The best time for planting tomatoes and vegetables in the metro area is after May 1, when the danger of frost has passed, gardeners say. Starting from seed requires an extra six weeks of growing time indoors, while growing transplanted plants takes about eight weeks.

Planting, however, can be done as late as July, because the first fall frost typically does not occur until October, Mr. Cockerham says.

“Most gardeners focus on warm-season vegetables,” Mr. Devine says, pointing out tomatoes, peppers, cucumbers and squash as the top four. More advanced gardeners add cool-season vegetables to the mix, such as beets, cabbage and lettuce.

Whether growing warm- or cool-season vegetables, gardeners can choose to start from seed or from plants in various stages of growth. The smallest plants, or starter plants, come in 2-inch cells in packs of six or 12. Plants further along in growth come in 4- or 6-inch pots and are up to 6 inches tall, or in 1- or 2-gallon containers and are about 12 or 15 inches tall.

“The larger the plant, the larger the root system and the better the plant will do,” says Gary Mangum, co-owner of Bell Nursery, a wholesale nursery in Burtonsville.

Plants with dark green leaves and stems and stalky in shape are the best to choose, says Steve Dubik, horticulture consultant for the Montgomery County Cooperative Extension and professor of landscape technology at Montgomery College in Germantown. The plants should have roots that are white, not brown or tan, he says. If the roots are clumped together too tightly in the root ball, they should be separated to encourage growth, he adds.

Tomatoes and vegetables should be planted in soil turned over or tilled at a depth of six to 12 inches and spaced according to the recommendations for the particular plant, Mr. Dubik says.

Turning the soil allows for air and water movement and provides a larger area for the roots to grow, he says.

In addition, soil can be amended in a number of ways. Adding compost provides nutrients, as does fertilizer, and helps with moisture retention. Lime raises the pH or acid-alkalinity balance of the soil and provides the plant with calcium to support the weight of the fruit or vegetables it produces.

The pH level can be determined with a soil test picked up from the local extension office and should be close to neutral, gardeners say.

“You don’t grow vegetables. You grow the dirt, and the dirt grows vegetables,” Mr. Cockerham says.

As a general rule, tomatoes and vegetables should be planted slightly deeper than the root ball, he says.

Once they are planted, tomatoes and vegetables can be mulched with a variety of materials, such as straw or shredded hardwood, to help retain moisture, reduce weed growth and prevent disease-carrying fungal spores in the soil from reaching the plant, says Jonathan Kavalier, manager of Merrifield Garden Center in Merrifield, which has a second location in Fairfax.

With the bed prepared, plant care is the next requirement.

“You need evenness of moisture, sun and good soil,” Mr.
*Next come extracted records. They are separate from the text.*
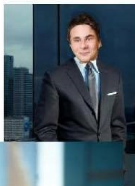
J A K U B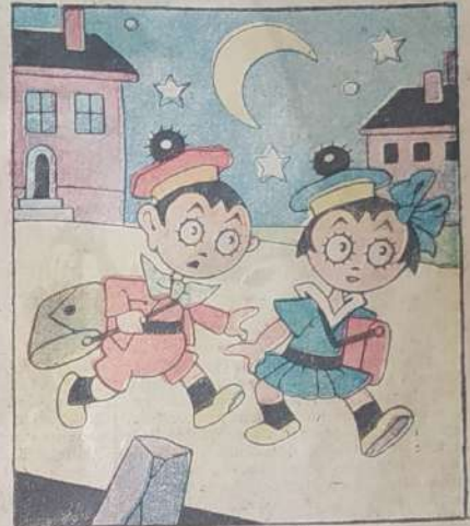
3. Verso scuola fratello e sorella s'incamminano a lume di stella...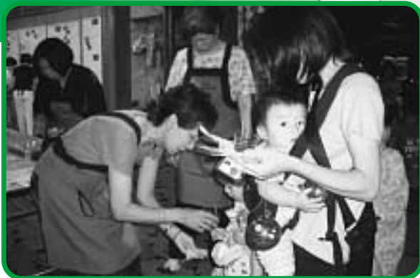
「せん団子の黒蜜を振るまう推進員」

平らにしたものを熱湯で茹でる。 ゆで汁を捨て、熱いうちに小さく砕いた黒砂糖を入れ、混ぜ合わせる。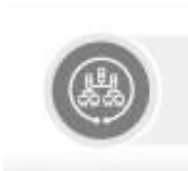
集群管理平台 多璜调度器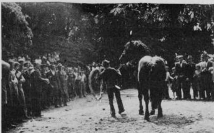
Najboljše krave so prejele zvonce, najboljši konji pa vence.

Na svečani seji delavskega sveta Obdravskega zavoda za veterinarstvo in živinorejo so sprejeli sklep, da podelijo priznanje vsem „pionirjem osemenjanja“, ki so pred 25 leti kot prvi začeli z osemenjanjem — med njimi tudi Cveto Doplihar.

Cockerham says.

Tomatoes and vegetables require five to seven hours of full sun and drying out between each watering, gardeners say. Exposure to full sun helps the plants ripen more quickly, they add.

In addition, the plants like a half-inch to an inch of moisture a week, Mr. Dubik says.

“You want to water slowly but long enough so it gets the first four inches of the soil moistened,” he says.

Tomatoes, in particular, need to be staked with a cage or tied to wooden stakes to keep the plants upright and to improve air circulation, Mr. Devine says.

The final step is harvesting the ripened produce.

Harvesting should be done when the produce is tender and on the small side, says Charlie Nardozzi, horticulturalist for the National Gardening Association in South Burlington, Vt.

“What it does is keep the plants producing,” Mr. Nardozzi says. “The more you harvest, the more fruit you will get.”

After the plant dies back in the fall, the dead plant material should be removed, Mr. Kavalier says, adding that a cover crop such as clover or winter rye will help replenish the soil’s nutrients during the winter.